UCL Health


Estimating the impact of weight management services on childhood obesity

This project will review the impact of weight management treatments and interventions on population prevalence and inequalities in childhood obesity.

26 November 2020


Trials have demonstrated that childhood obesity treatments are effective, although to varying degrees. Some childhood treatment programmes are less effective (e.g. lifestyle programmes), while others are deemed more effective but invasive (e.g. bariatric surgery).

However, we know relatively little about the most effective way to implement childhood obesity treatment at a population level, that is: which children would benefit most from treatment and at what age. It would also be valuable to better understand where investment in treatment would be best placed, i.e. at lower management tiers (e.g. tier 1; low cost, less effective but greater reach) or higher tiers (e.g. tier 4, bariatric surgery; effective but expensive and low reach).  

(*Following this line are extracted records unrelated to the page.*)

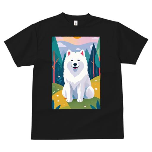 サモエド Tシャツ 犬愛 ユニークデザインメンズ キッズ 犬ファン 半袖 春夏 プリント 大人カジュアル かわいい 人間用 ギフト 個性的 猛暑対策 背景 サモエド 木 自然 山
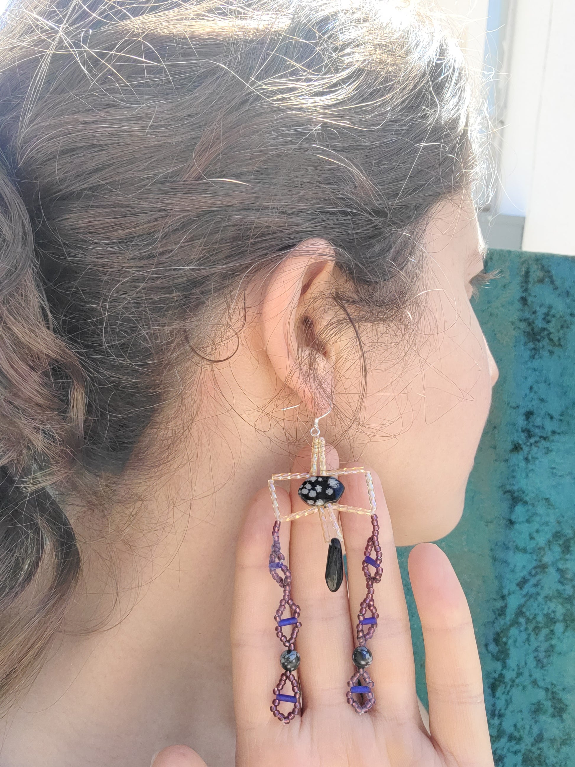 A matte gold cross shaped design frames snowflake obsidian cabochons at the center, flanked by plum-colored beadwork and a black central teardrop. The design plays with shape and shadow, giving these geometric drop earrings a clean, sculptural feel.
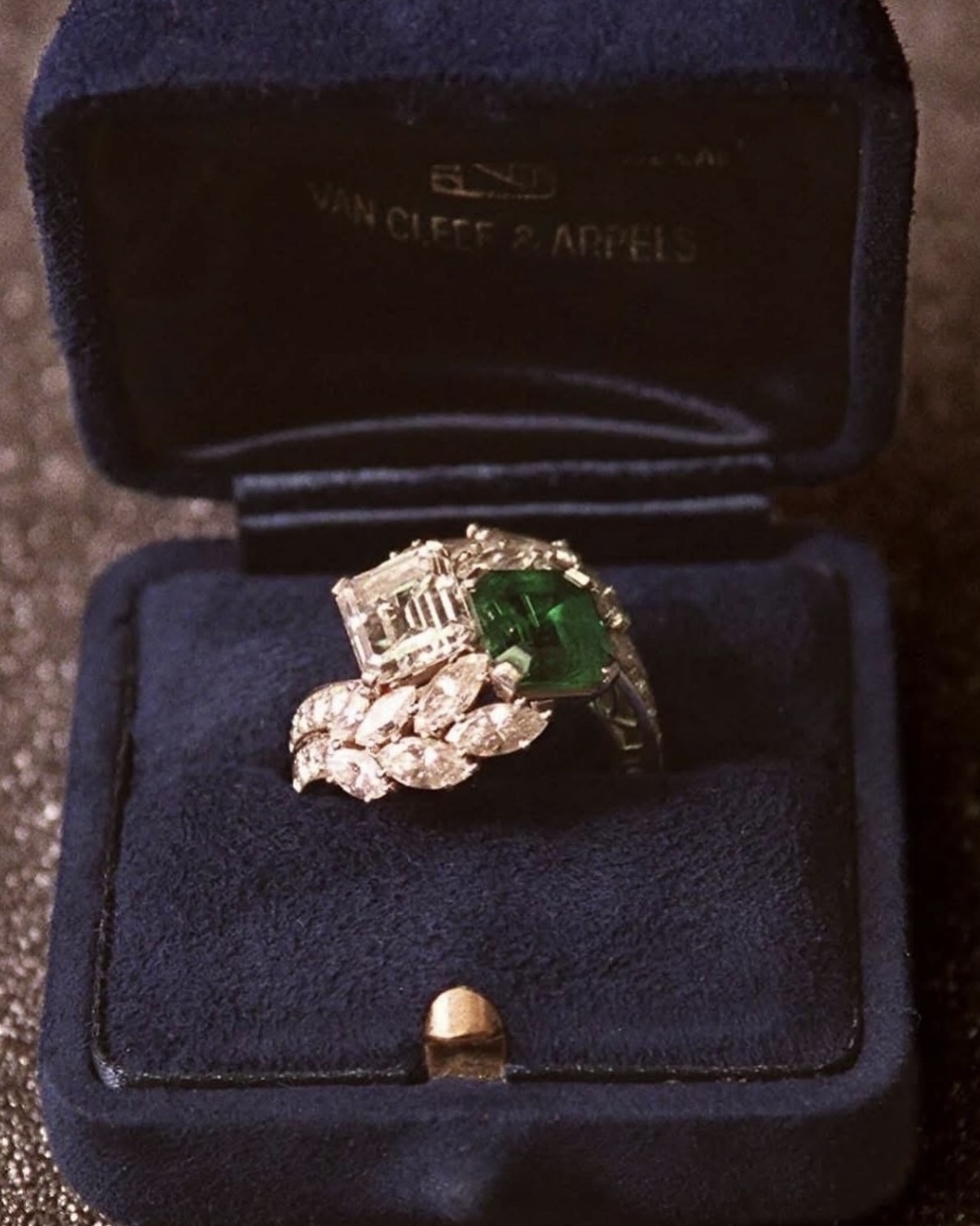 Спустя два года после знакомства случилась долгожданная помолвка. И несмотря на слухи об изменах Кеннеди, Жаклин все-таки приняла предложение. Помолвочное кольцо ювелирного бренда Van Cleef & Arpels стало еще одним поводом для обсуждения. И не только из-за цены (стоило оно более миллиона долларов), но и благодаря довольно неклассическому дизайну в духе ар-деко — с бриллиантом и изумрудом винтажной багетной огранки весом 2,88 и 2,84 карата.
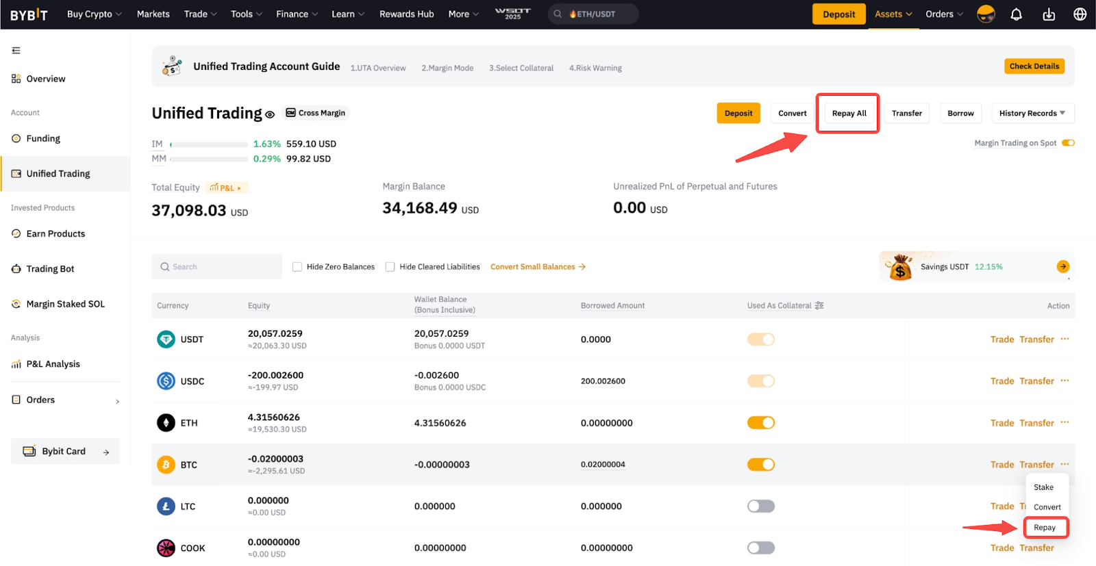 - To repay all borrowed coins, click on Repay All at the top of the Unified Trading page.
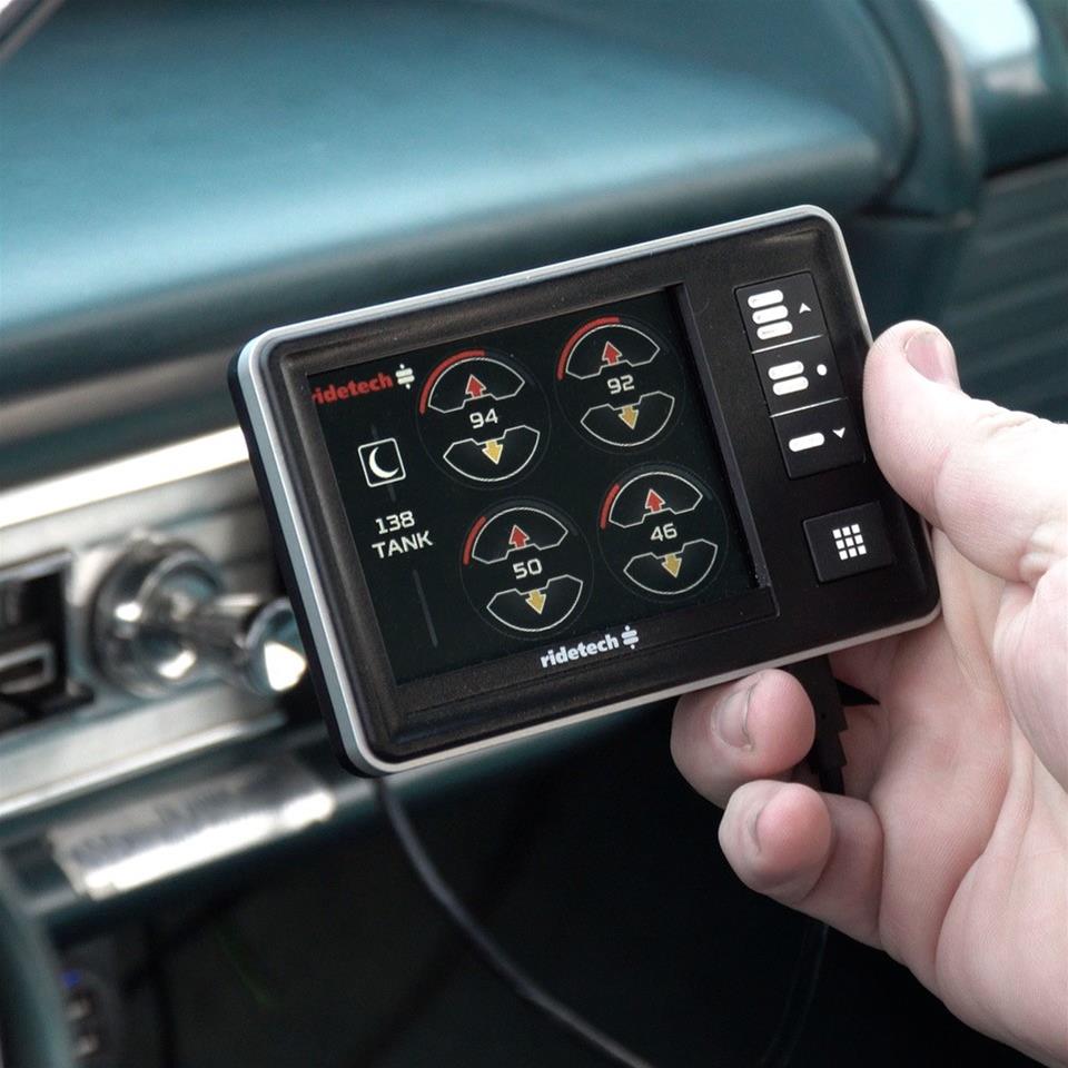 RideTech RidePro E5 Air Ride Control BigRed AirPod dual compressor systems offer all-in-one integrated, pre-wired solutions that mount in your vehicle as a single unit and adjust vehicle height at the push of a button while maintaining balanced air springs. With sophisticated pressure and height algorithms, RidePro E5 control systems tune air ride suspension for proper handling and world-class ride quality, so that each time your turn the ignition key, RidePro E5 self-adjusts to ride height and compensates for changes in load. They are ideal for trucks and other heavy applications to quickly raise and lower your vehicle and adjusting vehicle height is as simple as choosing one of three presets. You can also control the system wirelessly by simply connecting a compatible smartphone via Bluetooth and using the RidePro E5 app.

A review of weight management services for children and adults was included in Chapter 3 of the Childhood Obesity Plan. This project will provide evidence for the extent to which implementing alternative weight management interventions at a population level might impact upon the achievement of the childhood obesity target.

Analytic work will also help to identify the potential impact of children’s weight management services (as per the NICE obesity pathway) on outcomes including overall obesity prevalence, prevalence by deprivation quintile and impact on more or less extreme definitions of obesity and various groups of children, including indicators of comorbidities.

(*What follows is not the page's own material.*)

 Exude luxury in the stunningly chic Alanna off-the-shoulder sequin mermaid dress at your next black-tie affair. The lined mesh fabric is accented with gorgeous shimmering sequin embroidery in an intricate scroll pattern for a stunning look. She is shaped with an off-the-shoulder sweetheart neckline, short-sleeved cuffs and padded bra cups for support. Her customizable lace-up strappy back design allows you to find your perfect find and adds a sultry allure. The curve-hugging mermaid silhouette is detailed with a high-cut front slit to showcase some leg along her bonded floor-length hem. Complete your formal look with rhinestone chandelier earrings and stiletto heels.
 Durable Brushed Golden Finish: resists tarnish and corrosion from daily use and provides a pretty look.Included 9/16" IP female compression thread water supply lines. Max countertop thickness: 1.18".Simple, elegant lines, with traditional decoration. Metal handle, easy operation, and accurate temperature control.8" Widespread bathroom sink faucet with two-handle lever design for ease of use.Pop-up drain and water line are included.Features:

For these analyses, we will use the following data sources: Southampton Women’s Survey (SWS), Millennium Cohort Study (MCS), Understanding Society (US), and Health Survey for England (HSE).

In all datasets, we will identify children with a range of weight status categories (overweight, obese and extreme obesity), in addition to obesity comorbidities where available (including indicators of mental health/well-being, and early indicators of cardiovascular disease risk, such as blood pressure). Level of risk for obesity will be identified across the population using sociodemographic data (e.g. deprivation, ethnicity, income, and region).

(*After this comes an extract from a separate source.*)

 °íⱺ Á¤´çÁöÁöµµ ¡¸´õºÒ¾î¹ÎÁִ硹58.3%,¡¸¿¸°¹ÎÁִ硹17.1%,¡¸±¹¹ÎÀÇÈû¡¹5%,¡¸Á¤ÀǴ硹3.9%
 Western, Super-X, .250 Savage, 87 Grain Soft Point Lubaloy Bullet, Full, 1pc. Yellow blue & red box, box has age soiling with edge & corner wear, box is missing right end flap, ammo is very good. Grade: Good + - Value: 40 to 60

Evidence from systematic reviews would be used to identify pooled or best estimates of the effectiveness of various treatments or interventions by age or other factors (e.g. deprivation) if reported. Effect sizes will be used to estimate the reductions in obesity prevalence that might result from interventions at a population level in each of the datasets and according to age. We will also use the estimated effect sizes from reviews to provide estimates of potential benefits from treatment for indicators of comorbidities on obesity. Findings will then be extrapolated to map treatment options to the population, dependent on level of risk and eligibility according to NICE guidance.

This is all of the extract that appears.